Instructions to follow:
Retype every record exactly. Skip the images.

(Saved entries)

========================================

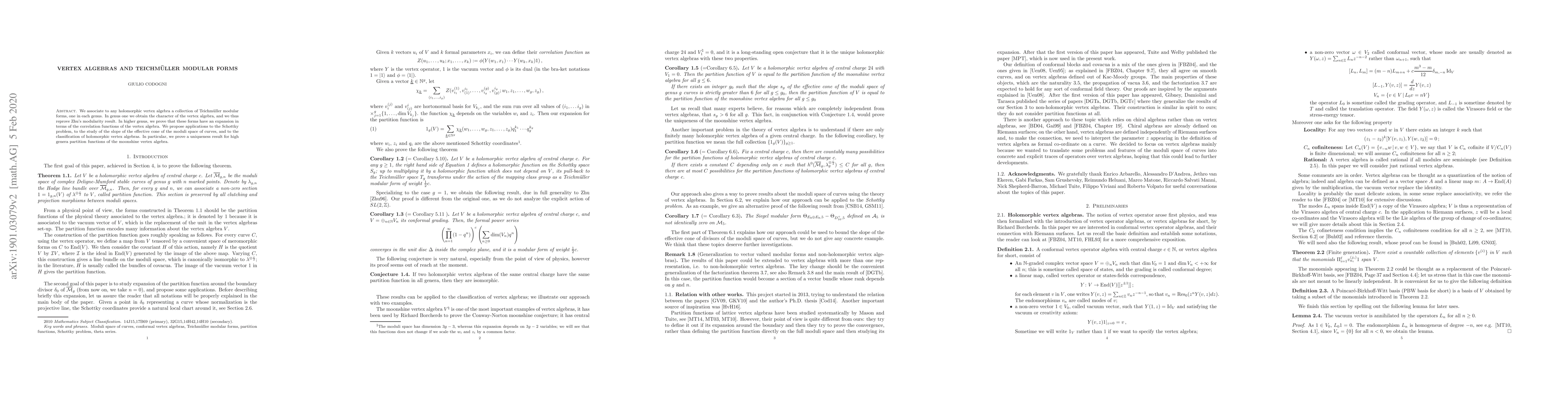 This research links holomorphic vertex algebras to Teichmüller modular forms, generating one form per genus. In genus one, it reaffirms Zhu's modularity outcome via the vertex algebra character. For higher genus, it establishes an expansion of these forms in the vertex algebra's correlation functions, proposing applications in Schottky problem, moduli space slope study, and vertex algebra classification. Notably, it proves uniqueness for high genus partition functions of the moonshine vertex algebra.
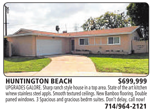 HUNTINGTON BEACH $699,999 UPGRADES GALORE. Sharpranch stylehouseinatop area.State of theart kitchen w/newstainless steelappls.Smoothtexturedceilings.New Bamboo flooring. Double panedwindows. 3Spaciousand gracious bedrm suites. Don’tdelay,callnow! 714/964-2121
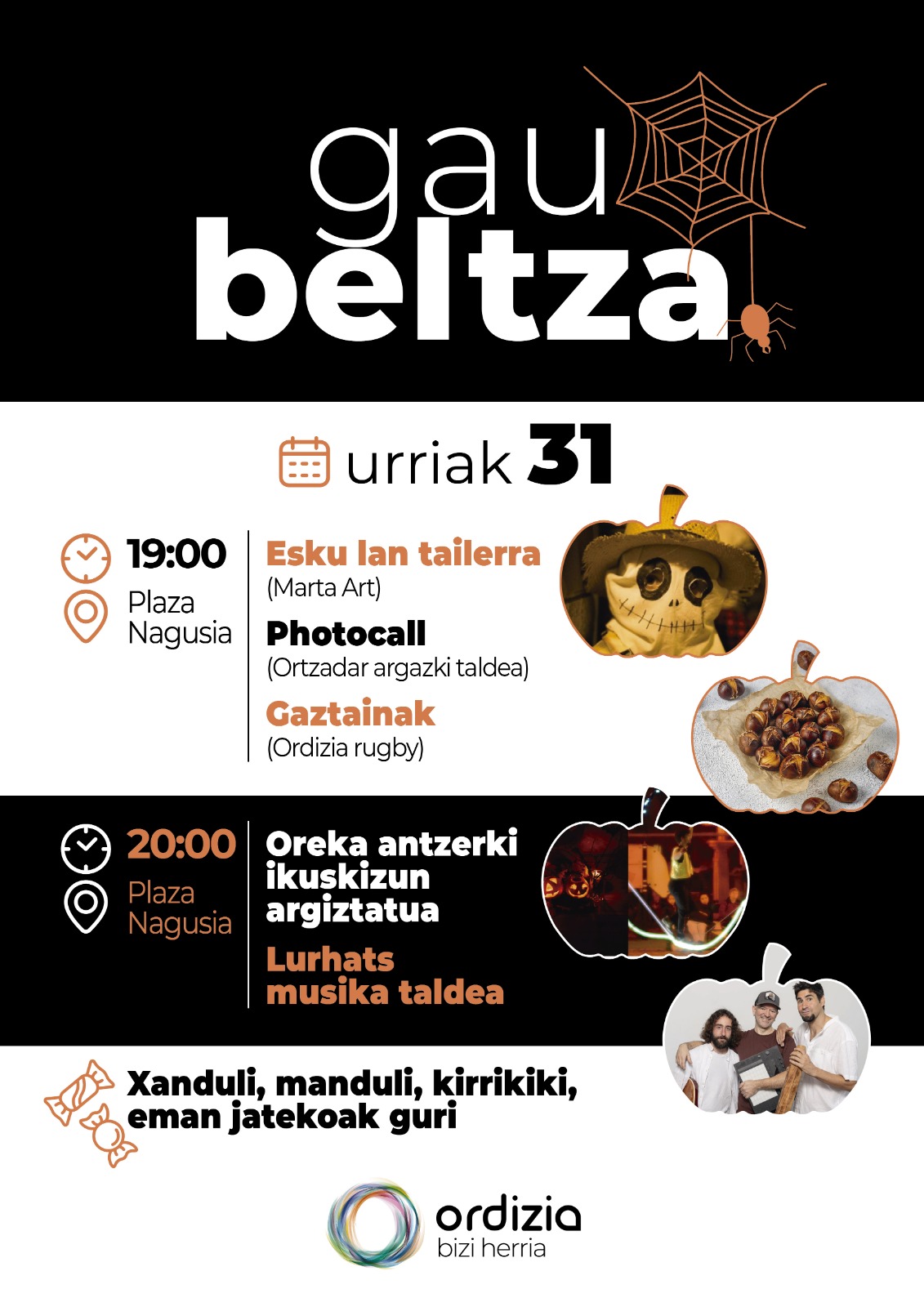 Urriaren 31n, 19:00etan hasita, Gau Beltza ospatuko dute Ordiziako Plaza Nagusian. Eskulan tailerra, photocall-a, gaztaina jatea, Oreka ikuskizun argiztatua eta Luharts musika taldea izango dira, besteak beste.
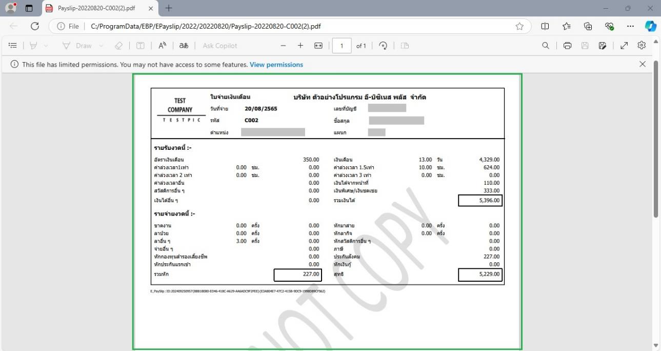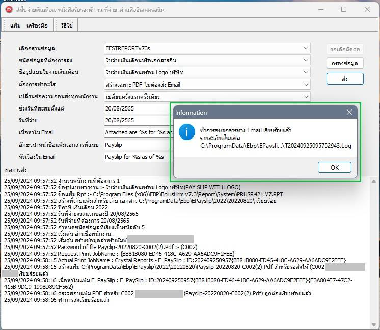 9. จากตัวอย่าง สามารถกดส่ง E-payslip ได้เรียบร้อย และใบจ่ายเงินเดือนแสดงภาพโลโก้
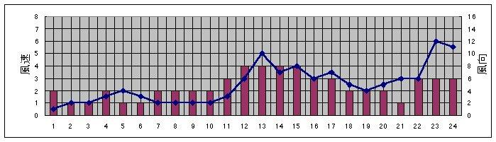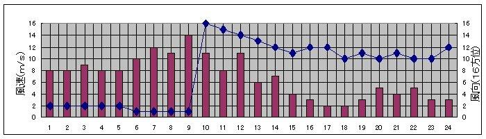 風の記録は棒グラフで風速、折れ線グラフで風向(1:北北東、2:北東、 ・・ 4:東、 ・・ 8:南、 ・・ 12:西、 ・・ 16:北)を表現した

========================================

Result for this exercise:
 This research links holomorphic vertex algebras to Teichmüller modular forms, generating one form per genus. In genus one, it reaffirms Zhu's modularity outcome via the vertex algebra character. For higher genus, it establishes an expansion of these forms in the vertex algebra's correlation functions, proposing applications in Schottky problem, moduli space slope study, and vertex algebra classification. Notably, it proves uniqueness for high genus partition functions of the moonshine vertex algebra.
 HUNTINGTON BEACH $699,999 UPGRADES GALORE. Sharpranch stylehouseinatop area.State of theart kitchen w/newstainless steelappls.Smoothtexturedceilings.New Bamboo flooring. Double panedwindows. 3Spaciousand gracious bedrm suites. Don’tdelay,callnow! 714/964-2121
 Urriaren 31n, 19:00etan hasita, Gau Beltza ospatuko dute Ordiziako Plaza Nagusian. Eskulan tailerra, photocall-a, gaztaina jatea, Oreka ikuskizun argiztatua eta Luharts musika taldea izango dira, besteak beste.
 9. จากตัวอย่าง สามารถกดส่ง E-payslip ได้เรียบร้อย และใบจ่ายเงินเดือนแสดงภาพโลโก้
 風の記録は棒グラフで風速、折れ線グラフで風向(1:北北東、2:北東、 ・・ 4:東、 ・・ 8:南、 ・・ 12:西、 ・・ 16:北)を表現した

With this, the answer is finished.